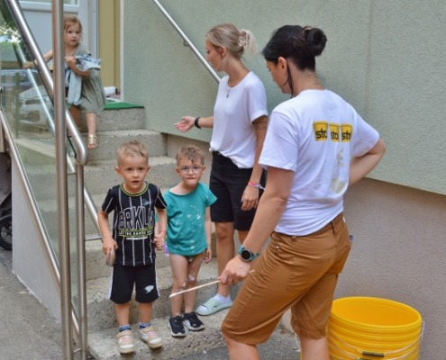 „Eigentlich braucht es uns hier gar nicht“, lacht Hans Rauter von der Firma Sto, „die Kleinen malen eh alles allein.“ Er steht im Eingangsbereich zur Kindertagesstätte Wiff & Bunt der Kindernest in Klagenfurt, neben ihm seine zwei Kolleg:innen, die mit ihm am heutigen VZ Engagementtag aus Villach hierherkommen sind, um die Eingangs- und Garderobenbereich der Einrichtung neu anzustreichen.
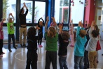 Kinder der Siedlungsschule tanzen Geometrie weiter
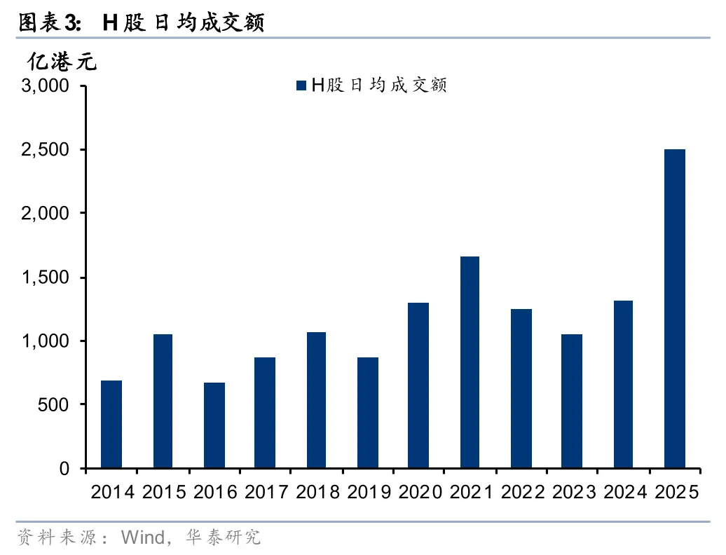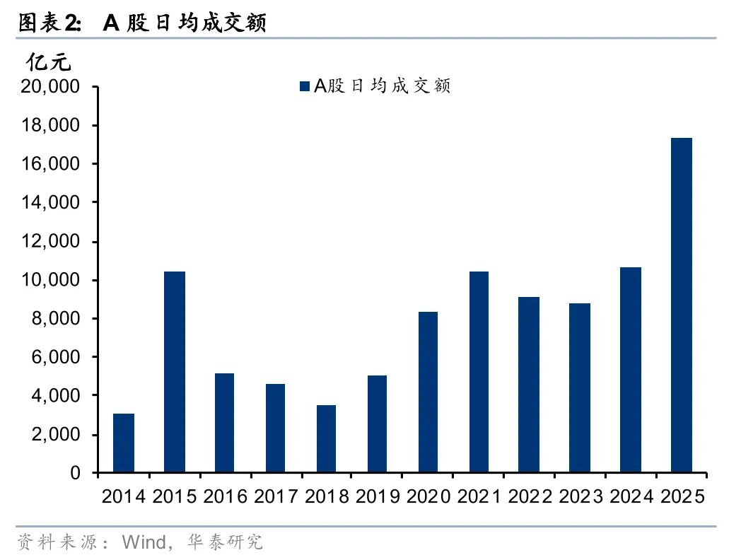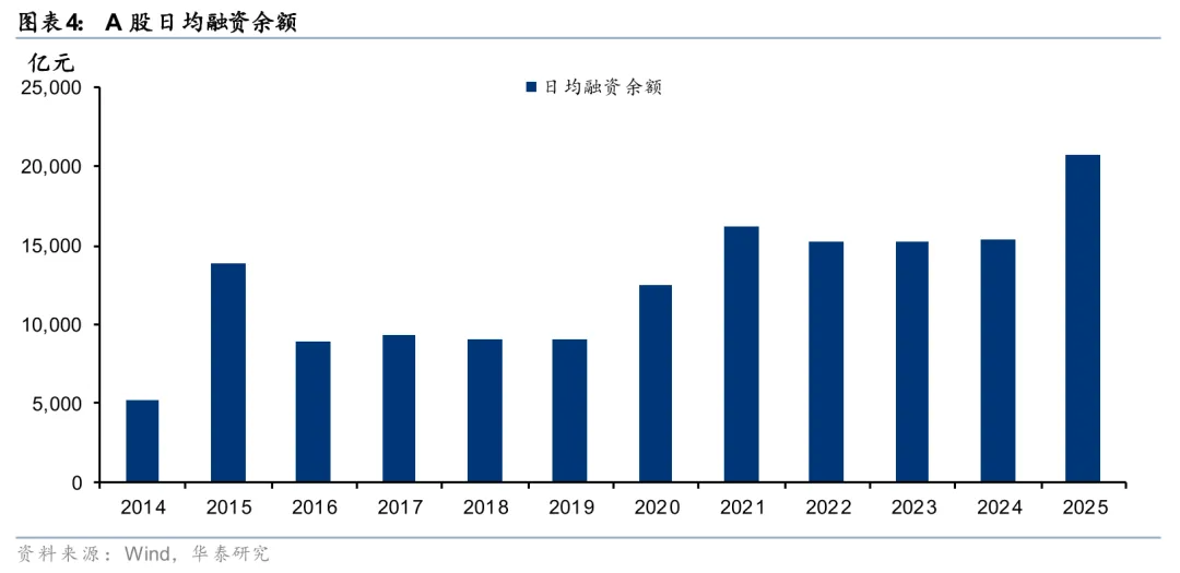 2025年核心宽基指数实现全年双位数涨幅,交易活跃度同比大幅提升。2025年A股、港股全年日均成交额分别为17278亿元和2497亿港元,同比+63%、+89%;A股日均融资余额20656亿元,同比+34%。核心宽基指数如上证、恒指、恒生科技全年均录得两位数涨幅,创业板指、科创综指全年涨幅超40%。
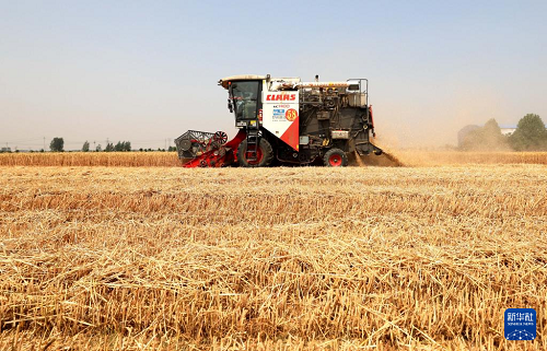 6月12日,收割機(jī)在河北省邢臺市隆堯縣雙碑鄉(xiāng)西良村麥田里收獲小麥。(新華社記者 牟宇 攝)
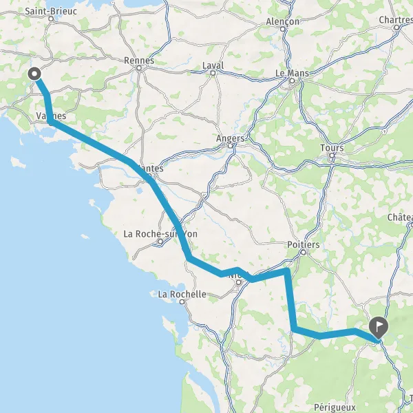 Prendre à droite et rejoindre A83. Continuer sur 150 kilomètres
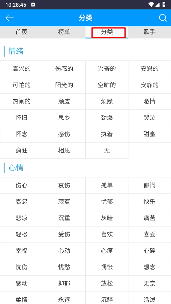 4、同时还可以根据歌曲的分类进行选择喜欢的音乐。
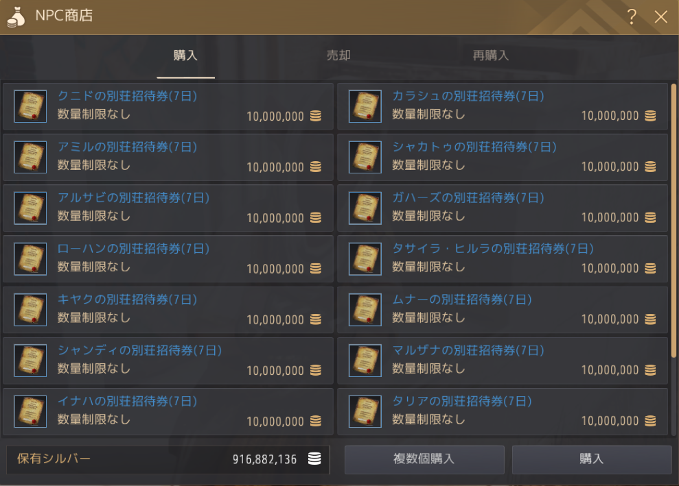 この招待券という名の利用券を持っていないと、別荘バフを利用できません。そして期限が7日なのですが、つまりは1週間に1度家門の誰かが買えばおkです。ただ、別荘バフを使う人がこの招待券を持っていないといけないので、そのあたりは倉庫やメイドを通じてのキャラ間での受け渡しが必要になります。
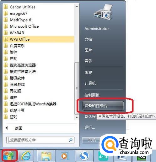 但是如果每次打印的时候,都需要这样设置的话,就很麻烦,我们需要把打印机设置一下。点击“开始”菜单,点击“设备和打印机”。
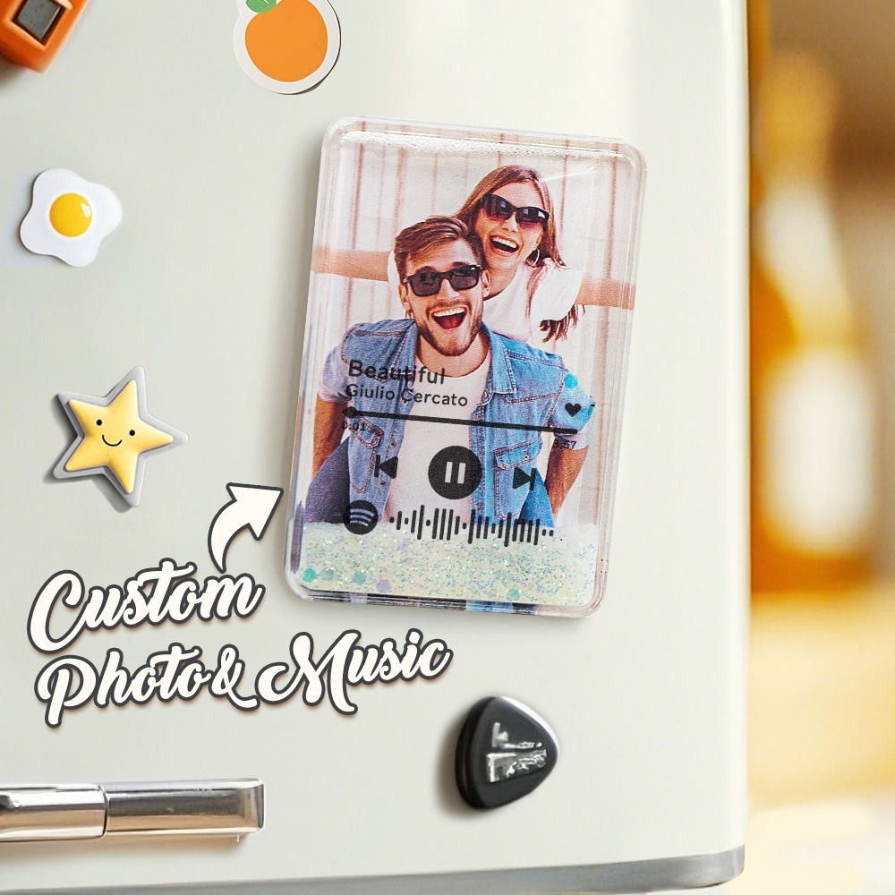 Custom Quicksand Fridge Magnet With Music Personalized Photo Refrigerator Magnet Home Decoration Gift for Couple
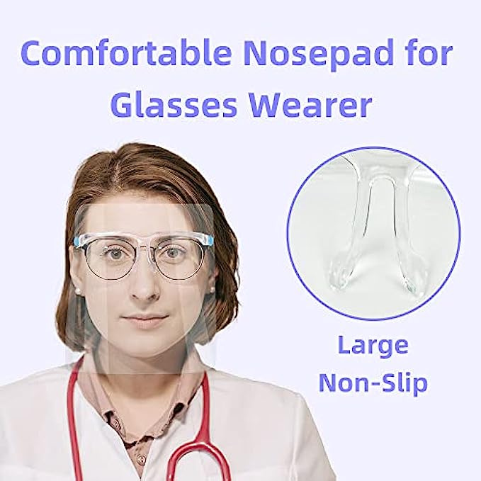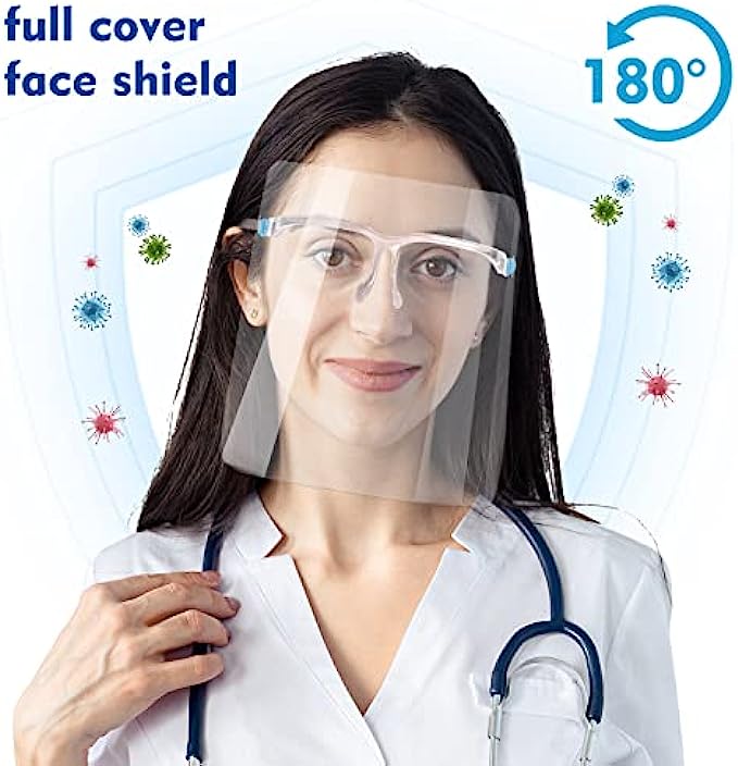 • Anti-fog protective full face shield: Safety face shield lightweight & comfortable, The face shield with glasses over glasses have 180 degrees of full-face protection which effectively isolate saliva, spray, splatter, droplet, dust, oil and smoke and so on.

> [Exercise goal]: Once the line containing "Custom Quicksand Fridge" is found, transcribe it and every line after it to the end of the records, exactly and with no pictures.

> [Response to the task]:
 Custom Quicksand Fridge Magnet With Music Personalized Photo Refrigerator Magnet Home Decoration Gift for Couple
 • Anti-fog protective full face shield: Safety face shield lightweight & comfortable, The face shield with glasses over glasses have 180 degrees of full-face protection which effectively isolate saliva, spray, splatter, droplet, dust, oil and smoke and so on.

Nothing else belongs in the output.